Плесневый гриб Cephalosporium acremonium — первый источник цефалоспоринов — был выделен профессором бактериологии Университета г. Кальяри в Сардинии Джузеппе Бротцу в 1945 г. в процессе изучения микробной экологии (самоочищения) морской воды залива в месте выброса сточных вод. В дальнейшем Д. Бротцу установил, что этот микроорганизм продуцирует вещество, подав­ляющее рост и размножение различных грамположительных и грамотрицательных бактерий. Более того, инъекции этого веще­ства больным с тифозной лихорадкой приводили к быстрому улуч­шению их состояния.

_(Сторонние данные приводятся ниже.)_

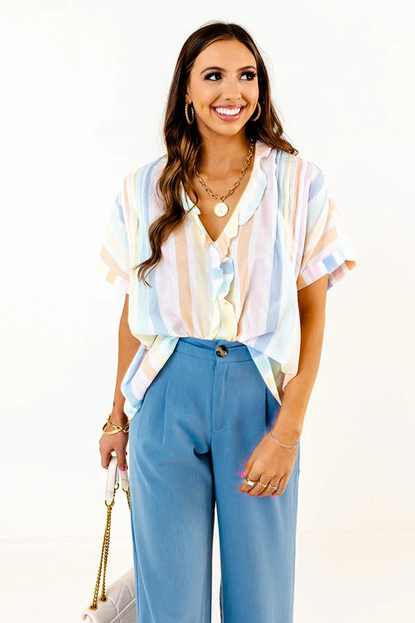 “Stripe” a pose in this charming shift top featuring lightweight material patterned with subtle vertical pastel stripes, a v-cut neckline with ruffle trim detailing that continues down the center, short loose sleeves, and a relaxed silhouette that falls into a straight hemline!

В 1953 г. было выделено вещество, названное цефалоспорином С. При дальнейшем изучении установлено, что именно это соединение обладает широким спектром активности, причем наряду с грамположительными кокками также подавлялись некоторые грамотрицательные бактерии. Кроме того, цефалоспорин С сохранял активность в присутствии стафилококковой пенициллиназы.

Однако уровень антимикробной активности цефалоспорина С был незначительным, поэтому, по аналогии с пенициллинами, требовалось создание новых полусинтетических соединений.

В 1962 г. в клиническую практику был введен первый антибиотик класса цефалоспоринов — цефалоридин. В настоящее время насчитывается более 50 цефалоспоринов.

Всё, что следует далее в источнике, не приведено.